§ **WHAT IS REQUIRED**: Restate the records below exactly. Pictures are not part of the copy.

EXTRACTED DATA section start

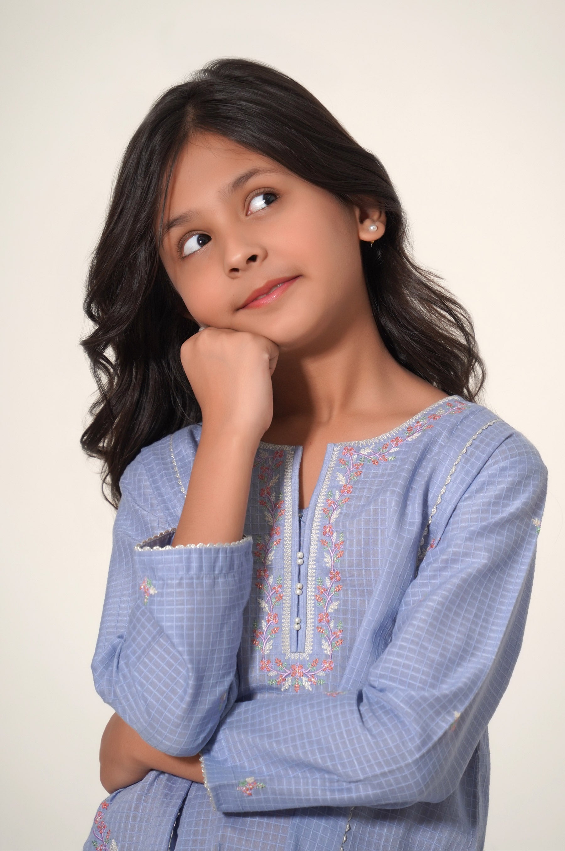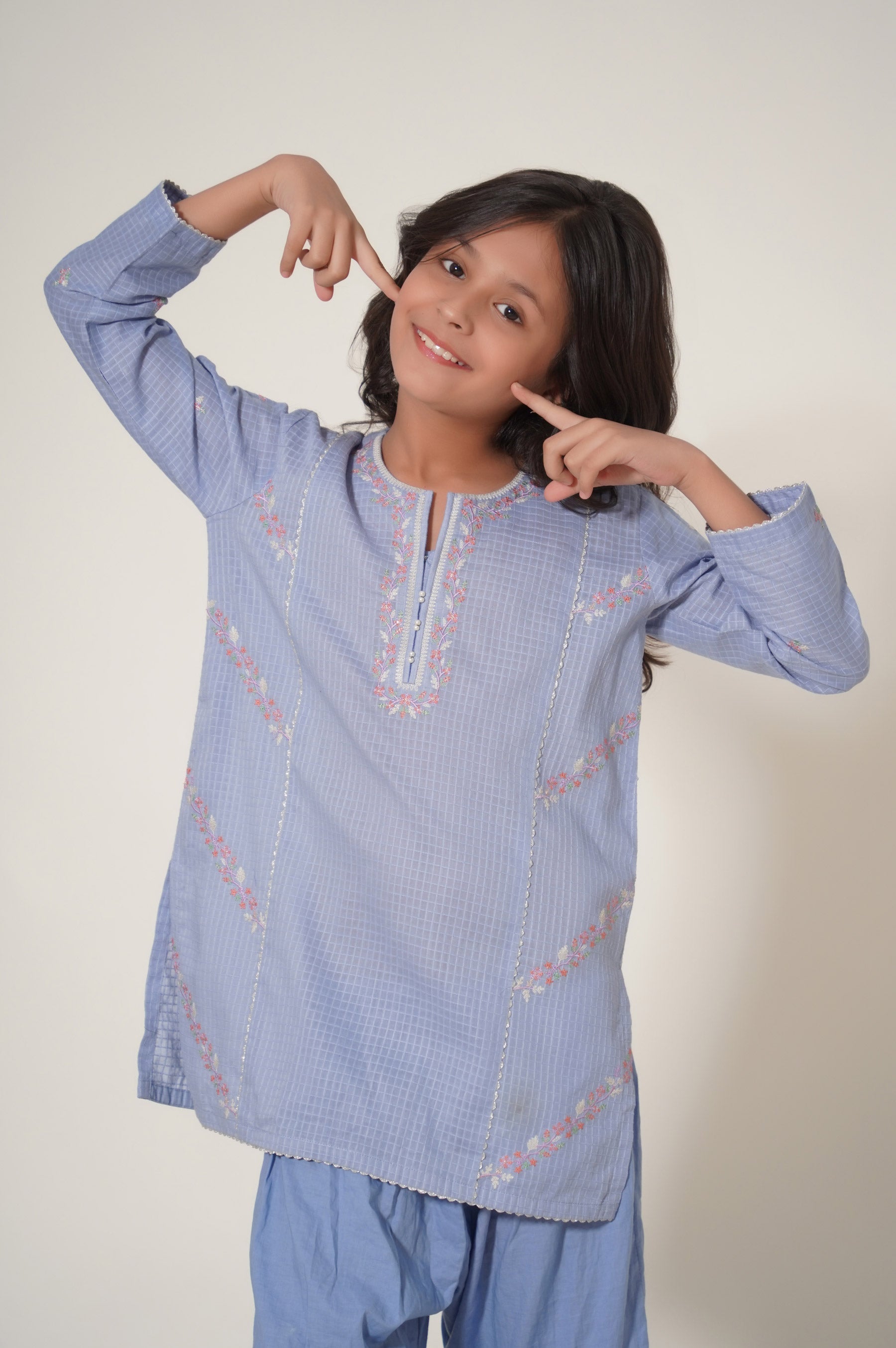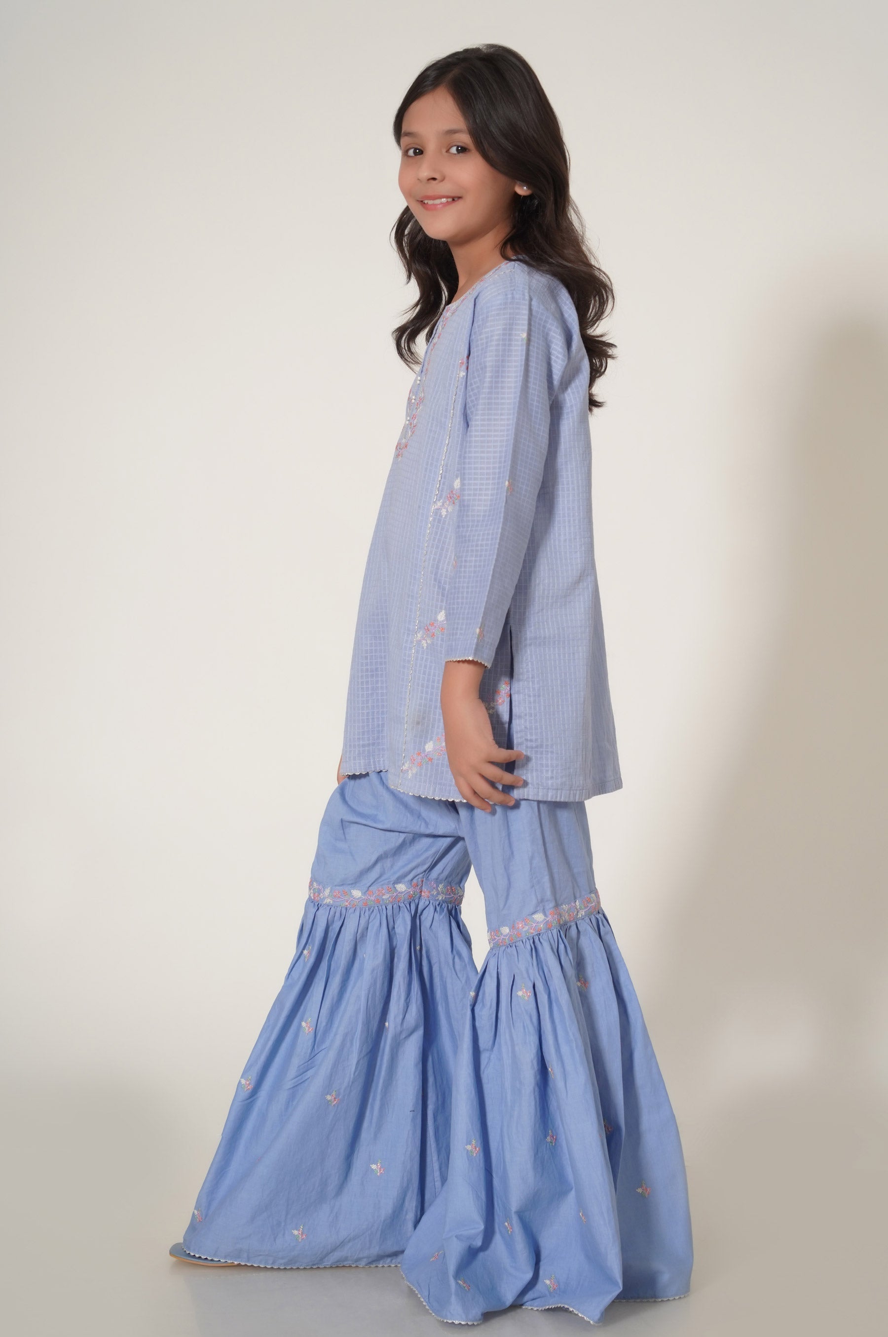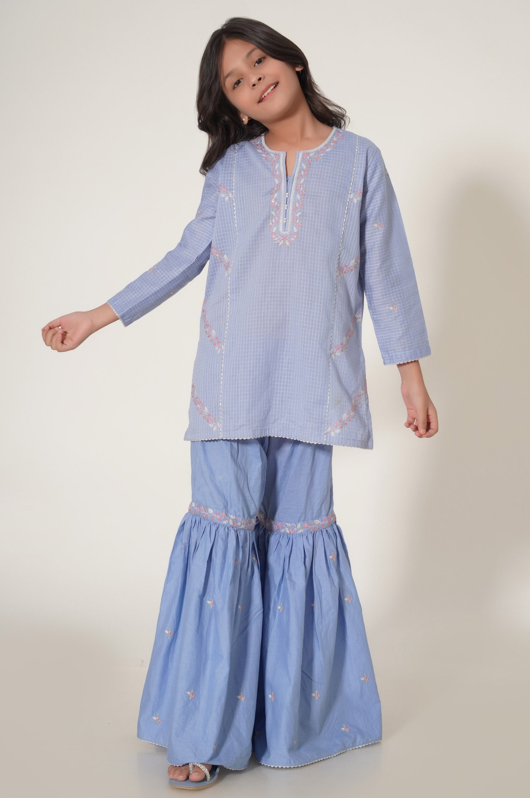 This 2-piece outfit is rendered with floral embroidery on the neckline and side panels placed in a diagonal manner with addition to pearl embellishment on the placket, The shirt is paired with a gharara consisting of embroidery all over. It's a must-have for a festive occasion to uplift your kid's mood.
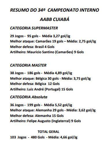 Em 103 jogos pelo 34º Campeonato Interno da AABB Cuiabá, foram feitos 480 gols! Média de 4,66 gols por jogo ... Conheça os times com o melhor ataque, a melhor defesa e os artilheiros.
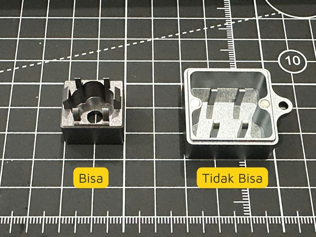 Gateron sudah mulai menggunakan cetakan baru untuk top housing, bahkan Gateron Yellow KS-3×47 (top milky, bottom hitam) juga sudah ada lekukan untuk menghindari interference. Mungkin saat ini cuma tersisa Gateron KS-3 (top dan bottom housing warna hitam) yang masih menggunakan cetakan lama.
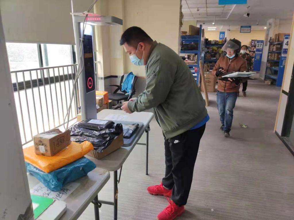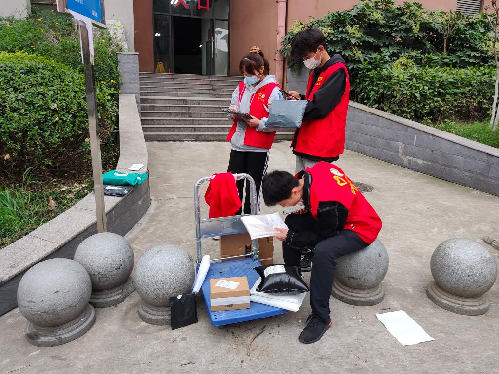 很多学生志愿者也动员起来,每天收集并汇总同学们的取件码和相关信息,集中前往校外快递中心取回快递,并有序分发给同学们。
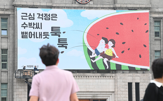 4일 오전 한 시민이 서울 중구 서울도서관 외벽의 꿈새김판에 새겨진 ‘근심 걱정은 수박씨 뱉어내듯 툭툭’이라는 문구를 바라보고 있다.
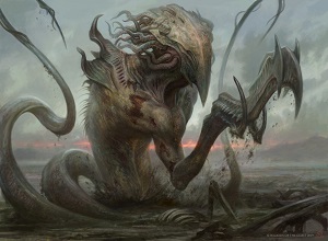 Six years later, and the art description issue has been fixed. They're both familiar with the single claw/spike, yet they have the tentacle headpieces introduced in the core set, reintroduced here. I think it's a nice touch fusing both into something slightly new.
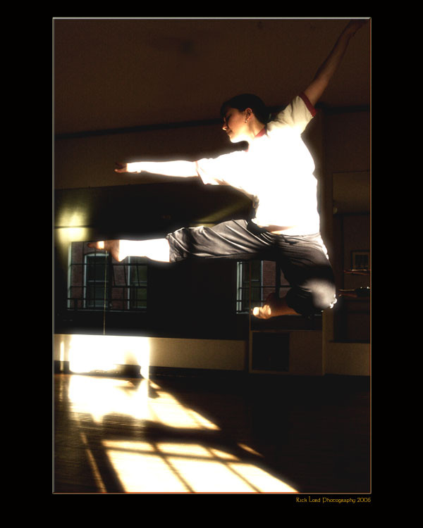 My ballerina model practicing her jumps. Early morning.Canon 20D
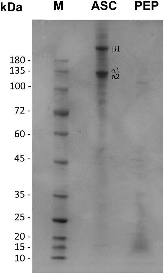 Figure 5. SDS-PAGE of collagen (ASC) and collagen peptides (PEP). Protein markers are depicted as M.
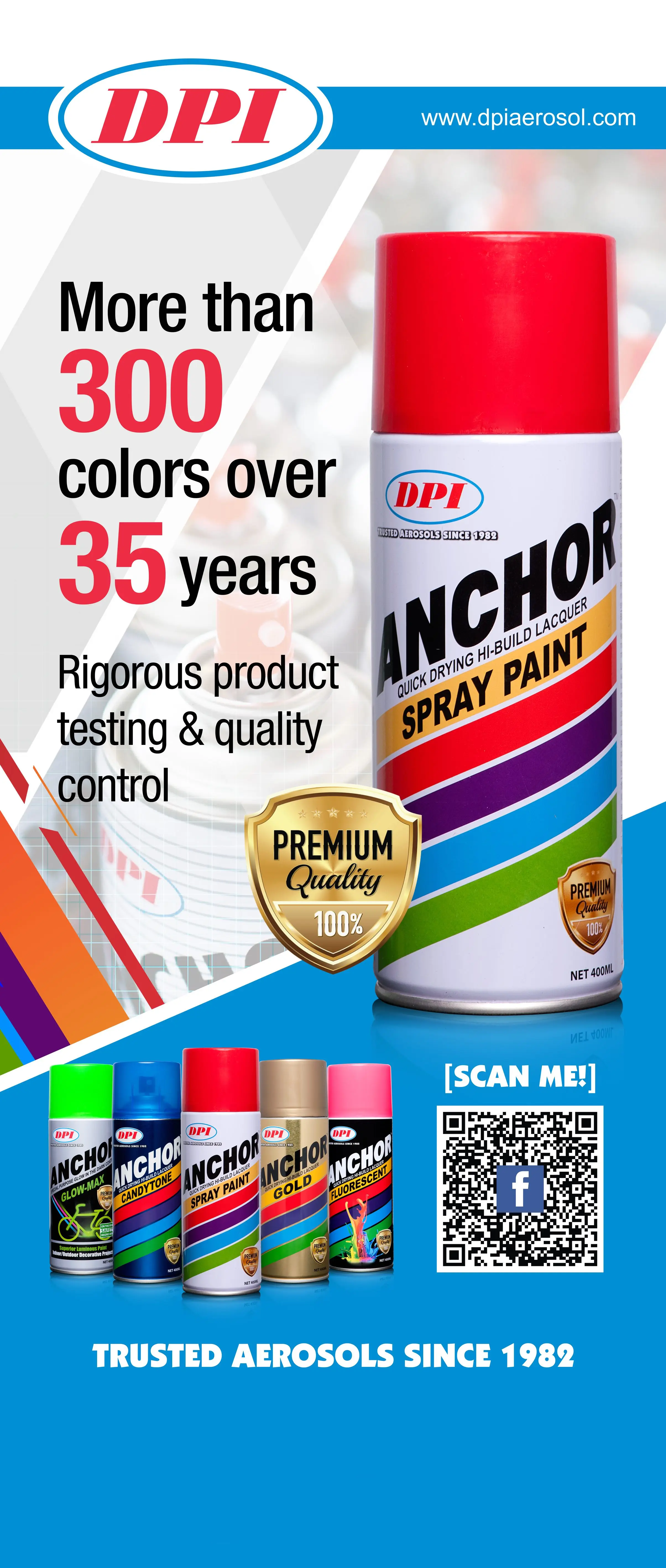 Currently available through 700 over distributors and retailers in Malaysia and beyond. Our award winning spray paints are hugely popular DPI brand offering more than 300 colours over all these years and counting.
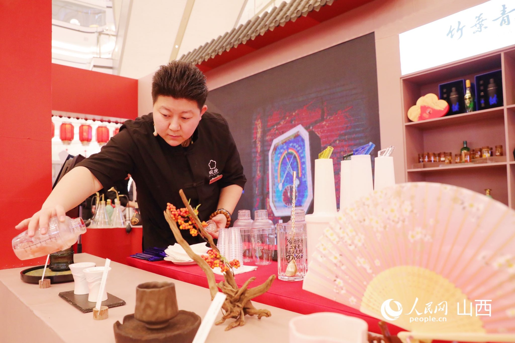 現(xiàn)場調(diào)制玫瑰汾酒(人民網(wǎng)記者 王帆 攝)
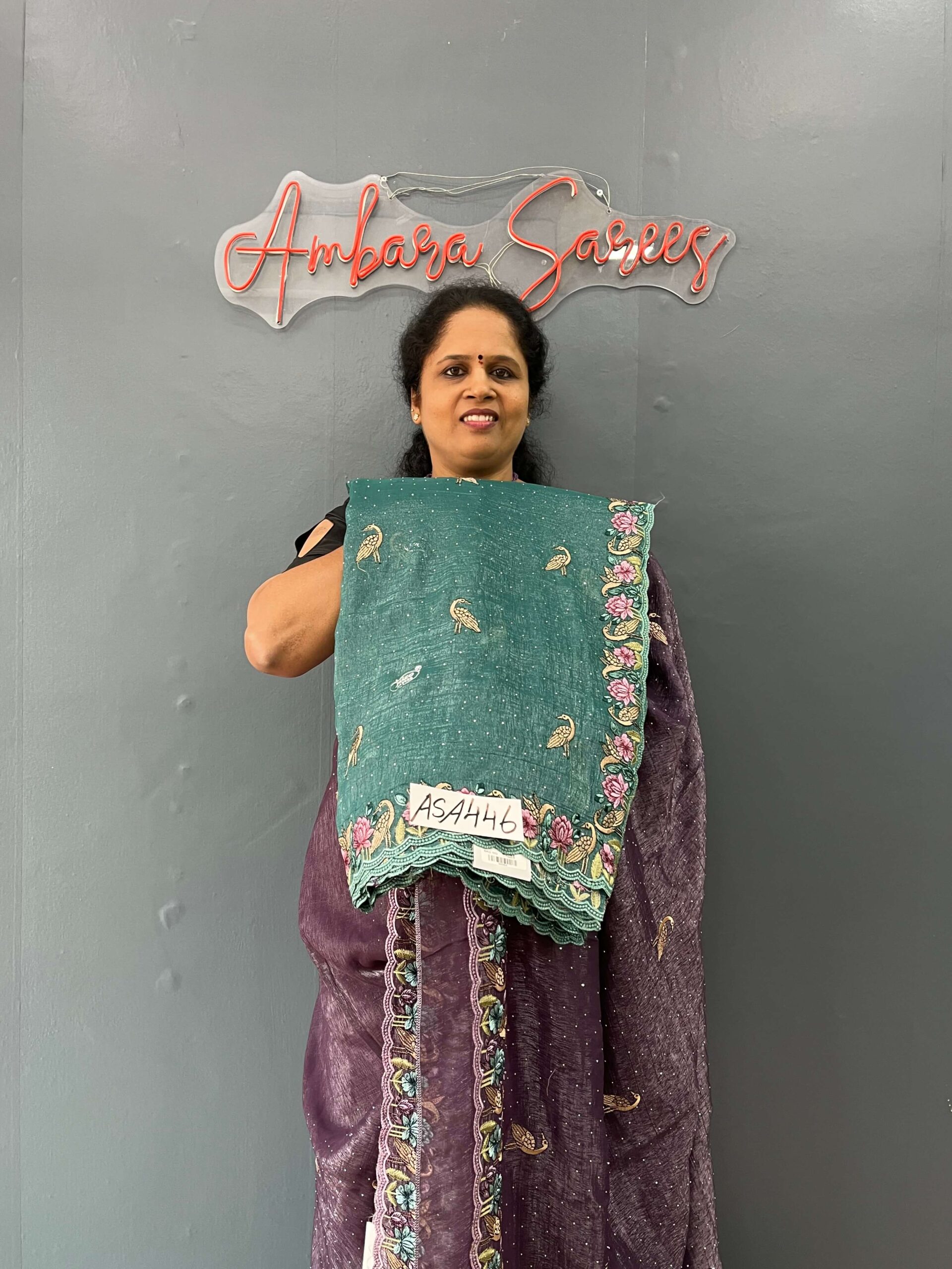 - Blouse features exquisite embroidery, beautifully detailed neck work, and full intricate craftsmanship.
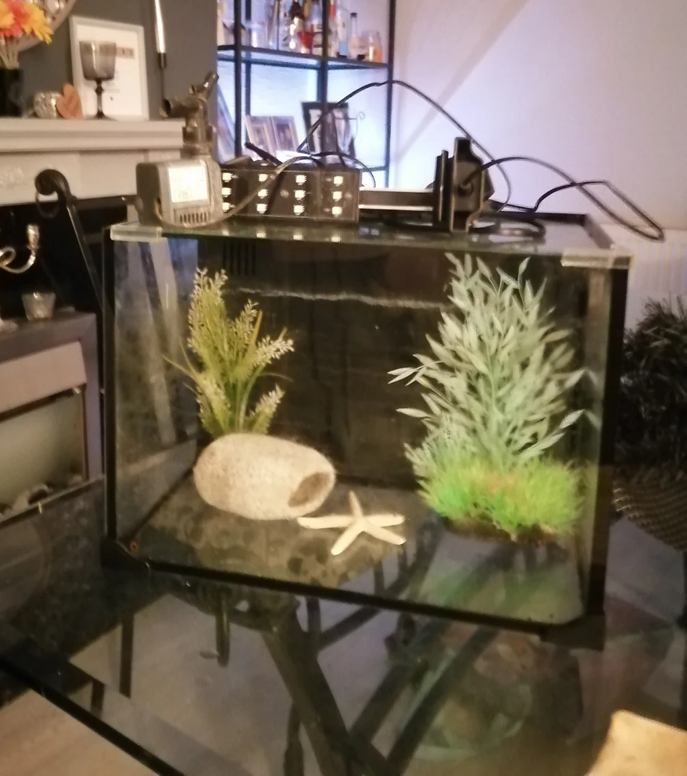 Dimensions: W14"x H10"xD10" Comes with air pump, light, ornaments and gravel. Has a glass lid you can remove completely. I have given it a wash but could do with another. Collection only.
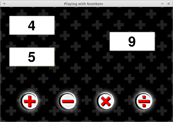 Pupils should write the necessary code in the 3 empty buttons by modifying the code in the '+' button.
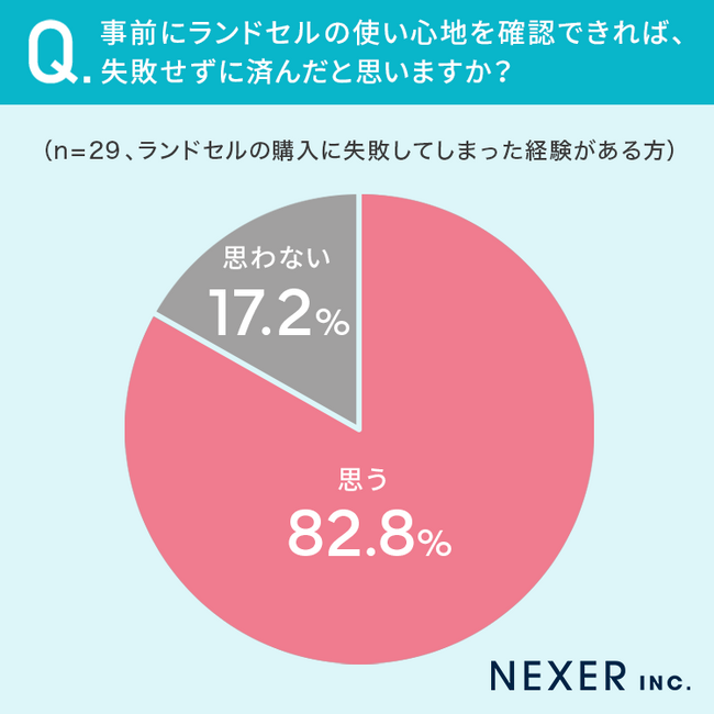 82.8%の方が事前にランドセルの使い心地を確認できれば、失敗せずに済んだと「思う」と回答しています。
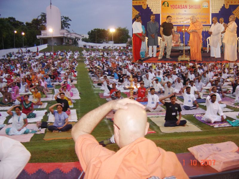 As Always, Revered Swami Adhyatmanandaji's itinerary was completely filled with spiritual programs, satsangs  & tours in the month October 2007. He believes in service to known and unknown. "Manav Seva is Madhava Seva"- Swamiji preaches by putting it into practice in his own life. He cares least about his physical comforts & need. He is approachable to one and all. People from all walks of life get inspired in his holy presence. He is a true Karma Yogi.
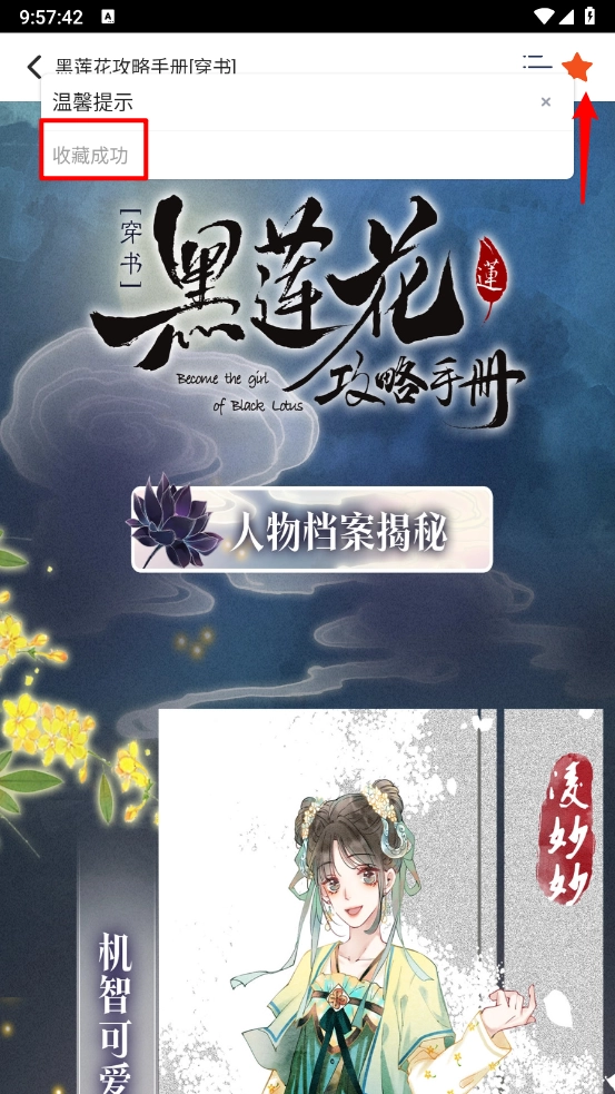 接着进入阅读界面,点击右上角的小星星图标(如图所示),就能完成收藏操作了。

EXTRACTED DATA section end

§ **ANSWER BELOW**:
 This 2-piece outfit is rendered with floral embroidery on the neckline and side panels placed in a diagonal manner with addition to pearl embellishment on the placket, The shirt is paired with a gharara consisting of embroidery all over. It's a must-have for a festive occasion to uplift your kid's mood.
 Em 103 jogos pelo 34º Campeonato Interno da AABB Cuiabá, foram feitos 480 gols! Média de 4,66 gols por jogo ... Conheça os times com o melhor ataque, a melhor defesa e os artilheiros.
 Gateron sudah mulai menggunakan cetakan baru untuk top housing, bahkan Gateron Yellow KS-3×47 (top milky, bottom hitam) juga sudah ada lekukan untuk menghindari interference. Mungkin saat ini cuma tersisa Gateron KS-3 (top dan bottom housing warna hitam) yang masih menggunakan cetakan lama.
 很多学生志愿者也动员起来,每天收集并汇总同学们的取件码和相关信息,集中前往校外快递中心取回快递,并有序分发给同学们。
 4일 오전 한 시민이 서울 중구 서울도서관 외벽의 꿈새김판에 새겨진 ‘근심 걱정은 수박씨 뱉어내듯 툭툭’이라는 문구를 바라보고 있다.
 Six years later, and the art description issue has been fixed. They're both familiar with the single claw/spike, yet they have the tentacle headpieces introduced in the core set, reintroduced here. I think it's a nice touch fusing both into something slightly new.
 My ballerina model practicing her jumps. Early morning.Canon 20D
 Figure 5. SDS-PAGE of collagen (ASC) and collagen peptides (PEP). Protein markers are depicted as M.
 Currently available through 700 over distributors and retailers in Malaysia and beyond. Our award winning spray paints are hugely popular DPI brand offering more than 300 colours over all these years and counting.
 現(xiàn)場調(diào)制玫瑰汾酒(人民網(wǎng)記者 王帆 攝)
 - Blouse features exquisite embroidery, beautifully detailed neck work, and full intricate craftsmanship.
 Dimensions: W14"x H10"xD10" Comes with air pump, light, ornaments and gravel. Has a glass lid you can remove completely. I have given it a wash but could do with another. Collection only.
 Pupils should write the necessary code in the 3 empty buttons by modifying the code in the '+' button.
 82.8%の方が事前にランドセルの使い心地を確認できれば、失敗せずに済んだと「思う」と回答しています。
 As Always, Revered Swami Adhyatmanandaji's itinerary was completely filled with spiritual programs, satsangs  & tours in the month October 2007. He believes in service to known and unknown. "Manav Seva is Madhava Seva"- Swamiji preaches by putting it into practice in his own life. He cares least about his physical comforts & need. He is approachable to one and all. People from all walks of life get inspired in his holy presence. He is a true Karma Yogi.
 接着进入阅读界面,点击右上角的小星星图标(如图所示),就能完成收藏操作了。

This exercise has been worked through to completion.